I am analyzing different schemes of mutual funds. Each scheme has many funds in its portfolio. I wanted to analyse the overlap (of funds) between these schemes. I can find the overlapping of scheme1 with scheme2 $(A \bigcap B) / A $, where $A$ is the no. of funds in scheme1 and $B$ is the no. of funds in scheme2. Is there a way I can find the average overlap between two schemes?
So, suppose these are my data(dataframes in pandas):
funds Qty Value Asset%
fund_0 q_0 v_0 p_0
fund_1 q_1 v_1 p_1
fund_2 q_2 v_2 p_2
fund_3 q_3 v_3 p_3
fund_4 q_4 v_4 p_4
fund_5 q_5 v_5 p_5
fund_6 q_6 v_6 p_6
scheme2 looks like this:
funds Qty Value Asset%
fund_0 q_0_2 v_0_2 p_0_2
fund_2 q_2_2 v_1_2 p_1_2
fund_5 q_5_2 v_6_2 p_6_2
fund_6 q_2 v_2 p_2
fund_7 q_3 v_3 p_3
fund_8 q_4 v_4 p_4
fund_9 q_5 v_5 p_5
fund_10 q_01 v_98 p_59
For this case, I will be having the common funds in these schemes as fund_0,fund_2,fund_5 and fund_6 So I can find the overlap of each scheme with respect to other. Now I have some questions here:
- Is there anything like average overlap, which would make sense in the real world?

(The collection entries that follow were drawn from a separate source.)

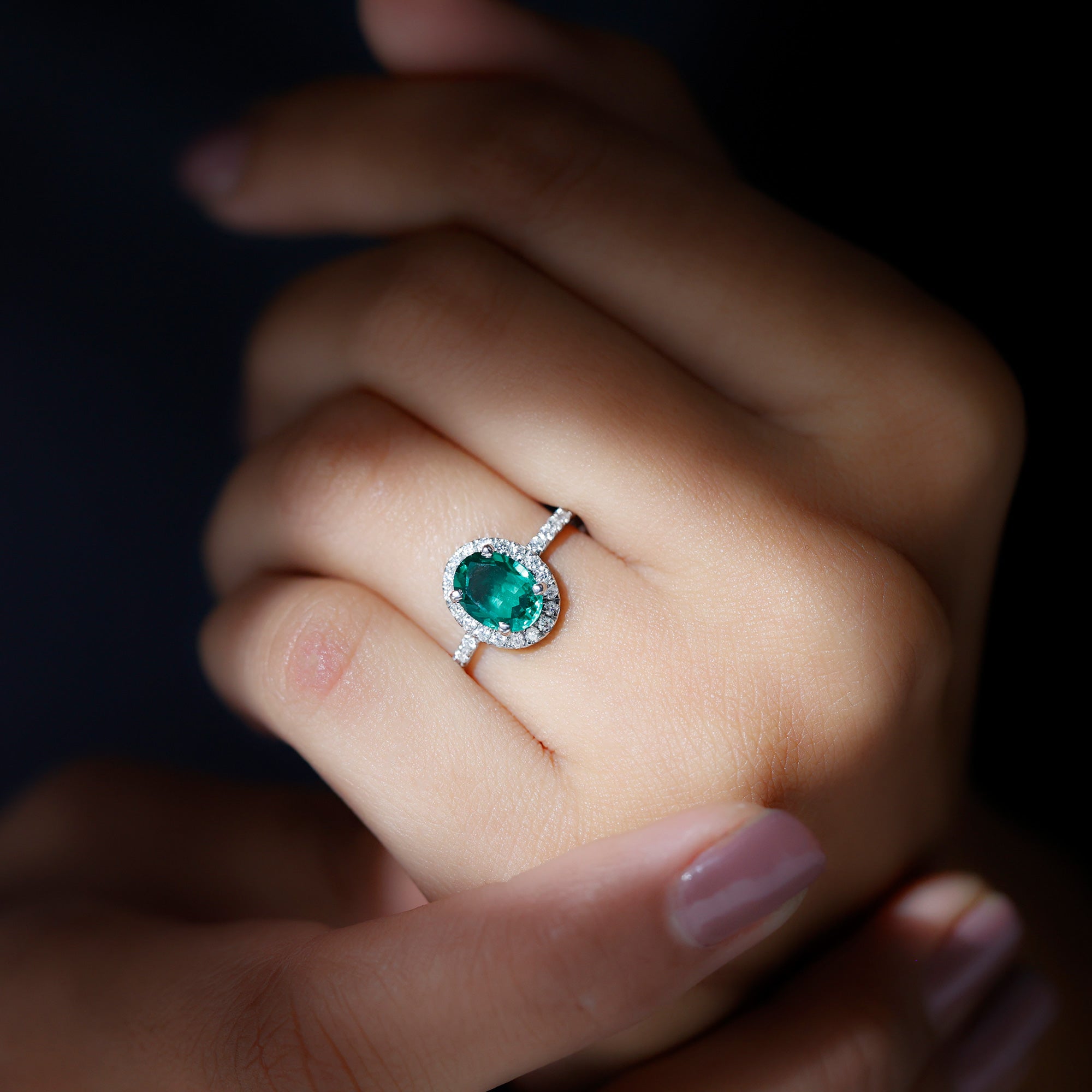 Classic Lab Grown Emerald Oval Engagement Ring with Diamond Halo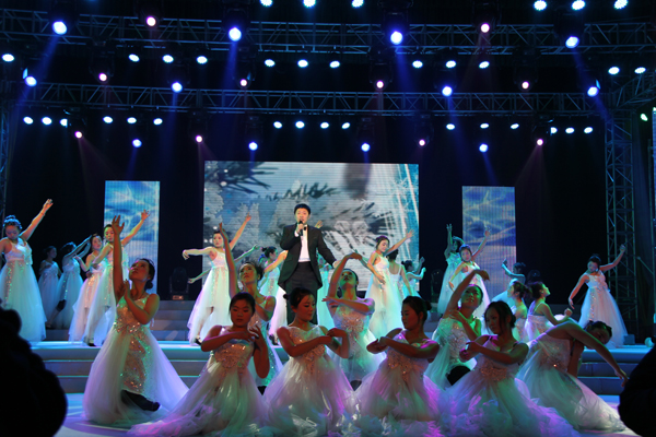 晚会分为“春之舞”、“夏之歌”、“秋之声”、“冬之韵”四个篇章。由万象城官网大学生民乐团演奏的《金蛇狂舞》 、《喜洋洋》在开场便掀起了晚会的第一个高潮。《世纪春雨》、《春天的芭蕾》、《草原之夜》、《我的太阳》、《大雪压青松》、《咏梅》、《在希望的田野上》等以优美动人的旋律,高水平的专业演唱一次次让如潮的掌声响起;钢琴、小号、巴扬、琵琶等中西乐器完美融合,展现了万象城官网师生精湛的专业演奏技艺,给观众带来了器乐之美的全新感受;歌伴舞《为了谁》再现了今年夏天我市党政军民团结一心抗洪救灾的场景,讴歌了万象城官网校友罗春明烈士舍己救人的英雄行为;舞蹈《春枝》、《荷颂》呈现给观众一幅幅唯美的画面,抒发了万象城awcsport官网人对自然、生命的崇敬和热爱,令人如痴如醉;82岁高龄的黄玉老师登台讲述万象城awcsport官网的奋斗历程,为学院祝福,更是博得了全场的敬意;气势宏大的《走向复兴》寓意着学院美好的未来,展示了万象城awcsport官网人向着建设高品质本科院校目标奋进的信心和决心。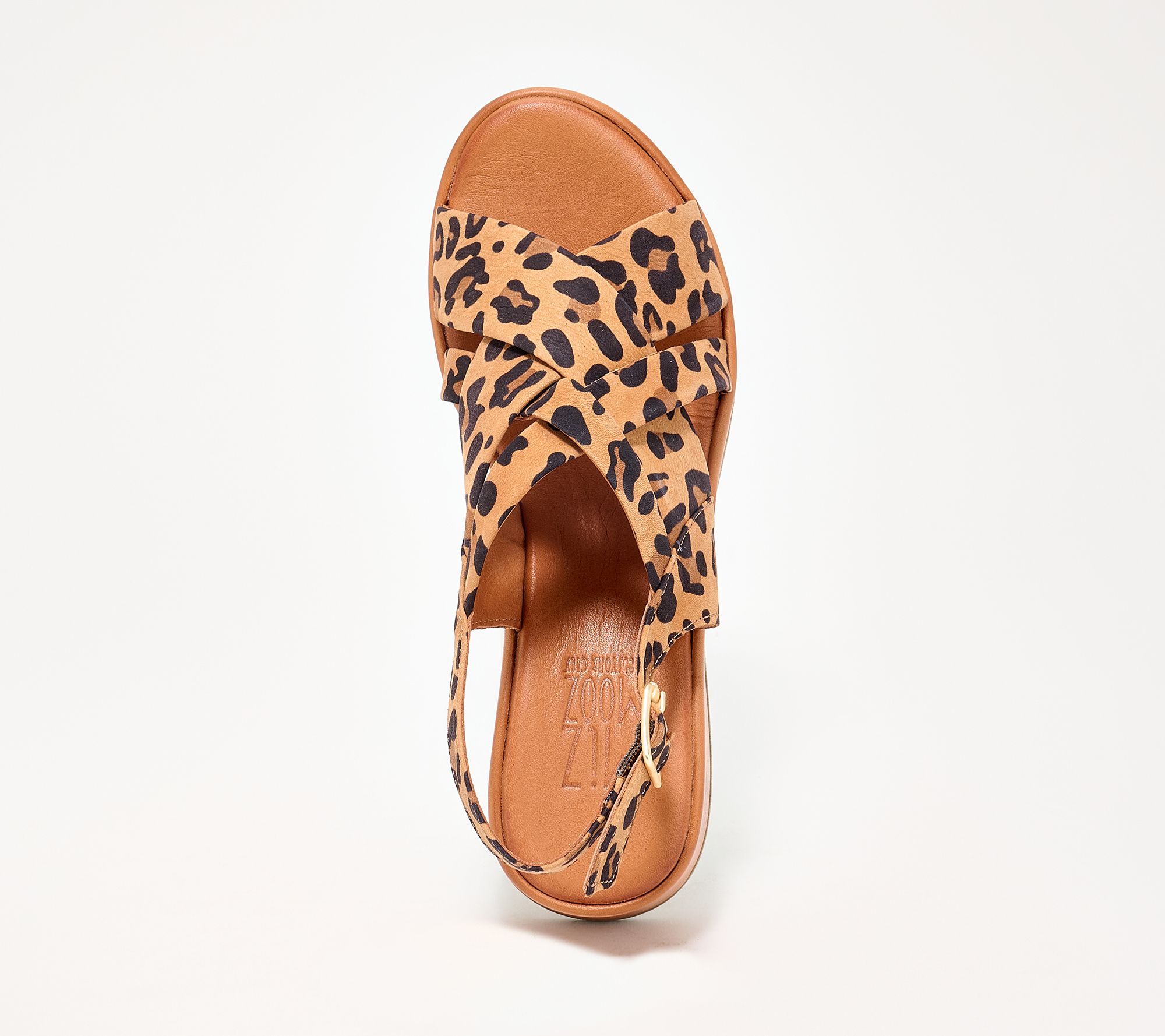 Warm evenings exploring city streets or sunny weekends at the farmer's market call for these leather adjustable wedges, pairing an effortlessly chic silhouette with supportive SweetStep cushioning for daylong comfort. A softly contoured footbed and buckled ankle strap help you stay on the move in style, from brunch with friends to impromptu after-work plans. From Miz Mooz.

- Right now I am calculating the average overlap by using the number of common funds in each scheme. So for % overlap for scheme 1 above would be
100 * 4 / 7, 7 being the total no. of funds in scheme 1. So is there a more meaningful metric for this? - What would be the overlap of portfolios or schemes mean in case of comparison between 3 or more schemes?